Queen’s Park is failing hungry Ontarians

Posted on November 26, 2015 in Social Security Policy Context

TheStar.com – Opinion/Commentary – Despite her promise to be the ‘social justice premier,’ Kathleen Wynne has failed to ensure that low-income Ontarians can afford to eat.
Nov 26 2015.   By: Desmond Cole

Tracy Mead dislikes travelling to a local food bank and lining up for a number, but out of necessity she and her housemates make the monthly trek together. Mead also volunteers at a local meal program, which gives her more access to food she can’t afford to buy. When I meet her at a South Riverdale Community Health Centre this week, we share some quinoa and vegetable salad left over from a previous day’s program.

“A lot of the meetings that we have here, people will only come because they know there’s food,” says Mead, an energetic, middle-aged woman who works part time at South Riverdale. She doesn’t earn enough to keep her cupboards stocked, and has recently become one of the 400,000 Ontarians to access a food bank this year. While it’s clear she appreciates the help, Mead and others shouldn’t be relying on handouts to feed themselves.

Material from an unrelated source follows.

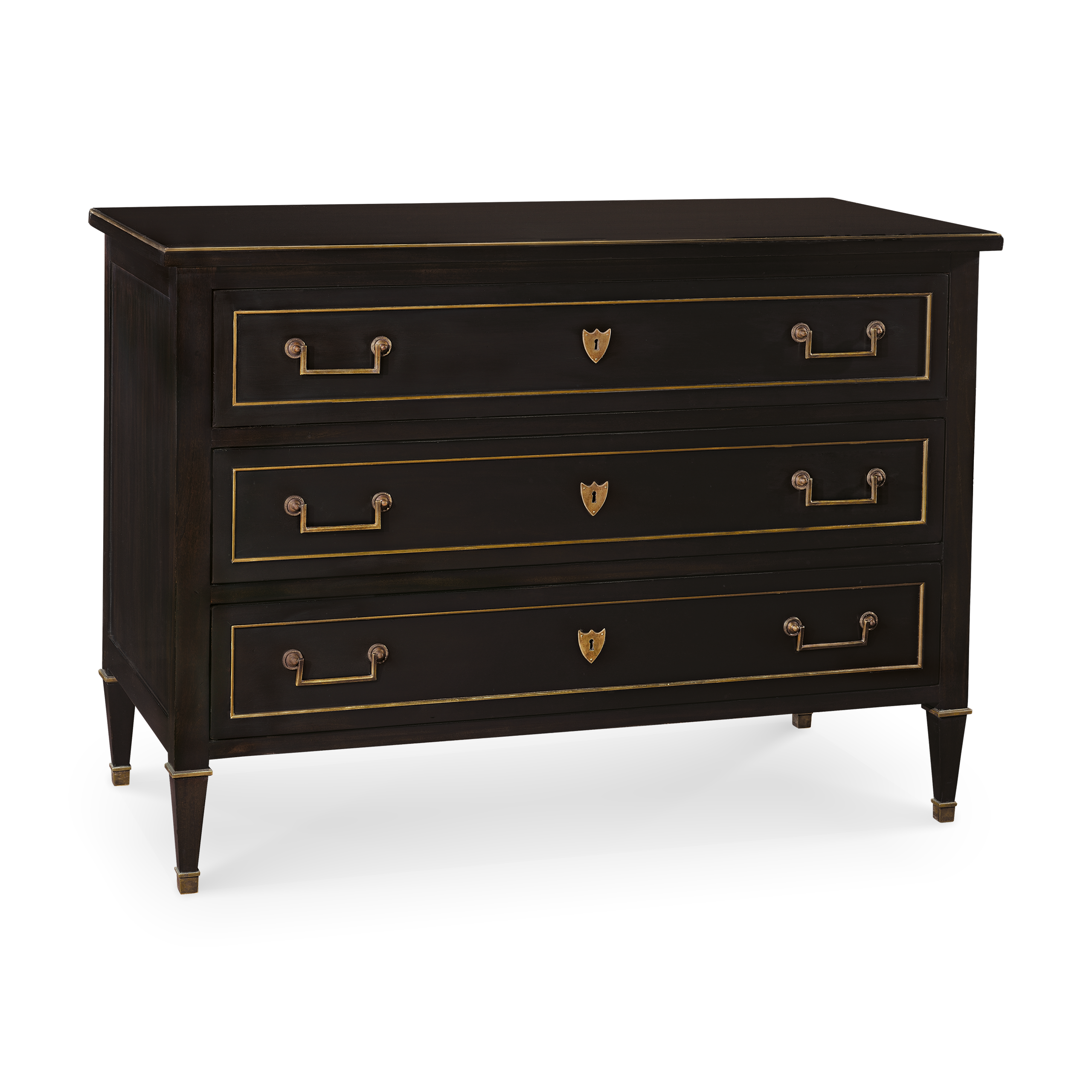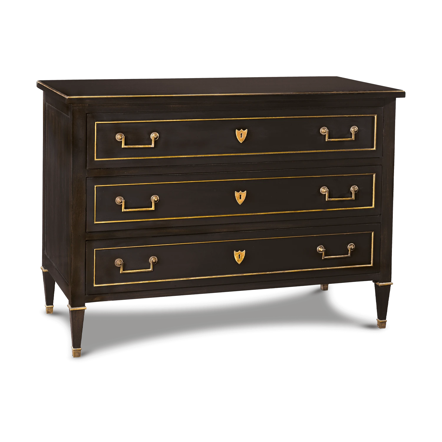 Esta cรณmoda neoclรกsica francesa, fabricada en madera ebonizada, es un testimonio de elegancia atemporal. El tono oscuro de la madera contrasta con los intrincados detalles de latรณn. Las incrustaciones de latรณn en las molduras dan un toque de opulencia, mientras que los contornos de los cajones acentรบan su refinado diseรฑo. Cada cajรณn estรก decorado con herrajes y bocallaves de latรณn, que no sรณlo ofrecen funcionalidad sino que tambiรฉn realzan el atractivo estรฉtico de la pieza. Los casquillos de latรณn en las patas, tรญpicas de la รฉpoca, aรฑaden un extra de detalle y lujo.

Volunteers with the Put Food In The Budget campaign have been watching premier Kathleen Wynne since she took over the Ontario Liberal party leadership two years ago. Wynne pledged that if elected, she would become the “social justice premier.” Her government has since increased the minimum wage and made future increases automatic. The 2014 provincial budget provided a very modest increase for people on social assistance. But PFITB points out that folks surviving on low incomes are still going hungry.

“Social assistance is simply too low,” says Mike Balkwill of PFITB, who has joined me and Mead for our meal and coffee. He points out that half of the people on welfare or disability supports rely on food banks. “People are being as generous as they can be,” Balkwill says, “but the government is relying on the goodwill and generosity of volunteers to do what the government needs to do.”

A single adult on welfare receives $656 a month, up from $626 before the recent Liberal increase. Only $376 of that amount can be spent on rent, leaving a welfare recipient $280 every month — less than ten bucks a day — for all food, transportation, clothing, and any other basic needs. Everyone needs to eat, but on such a limited budget, people understandably choose to go hungry so they can get around or pay rent.

Mead considers herself relatively lucky because of her access to different food banks and meal programs in Toronto. Such options often don’t exist for residents outside the GTA. A Salvation Army food bank in Sault Ste Marie recently cut its donations from once a month to once every two months. Such grim decisions to ration supplies are becoming more common for charitable groups who can’t keep up with food demand.

Christmas is coming, so it’s more likely that food banks, which were never supposed to become permanent suppliers for the poor, will see a holiday surge in donations. Last Christmas Wynne herself showed up to CBC Radio’s Sounds of the Season, an annual food drive fundraiser, reportedly with her own personal donation of cans. PFITB volunteers, including Mead, weren’t impressed. They’ll be looking for Wynne at the fundraiser this year to demand more.

The province’s health professionals keep telling us that people who don’t eat well are more likely to get sick. In purely pragmatic terms, it’s foolish for the province to let people go without healthy food when we know doing so drives up health care costs. A spokesperson for the provincial treasury tells me by email that the province is working on new measures, including more money for local food security programs. The spokesperson also noted that, in addition to the recent social assistance increase, the province increased the Ontario Child Benefit for low-income families.

But it’s not enough to prevent people from lining up in the wee hours of the morning in Toronto, just to get a number to come back later on and stand in line. Mead describes the mood as people wait: “There’s usually a lot of laughter and goofing around. Everyone kinda makes light of it and jokes, just to cover up the fact that everyone’s completely uncomfortable. There’s no dignity in it, there’s no health in it. But there we all are stuck in the same situation, doing what we have to do.”

They shouldn’t have to, not for food, in one of the wealthiest countries on earth. Hopefully the premier is preparing an early Christmas present for hungry Ontarians, one that will better sustain them all year round.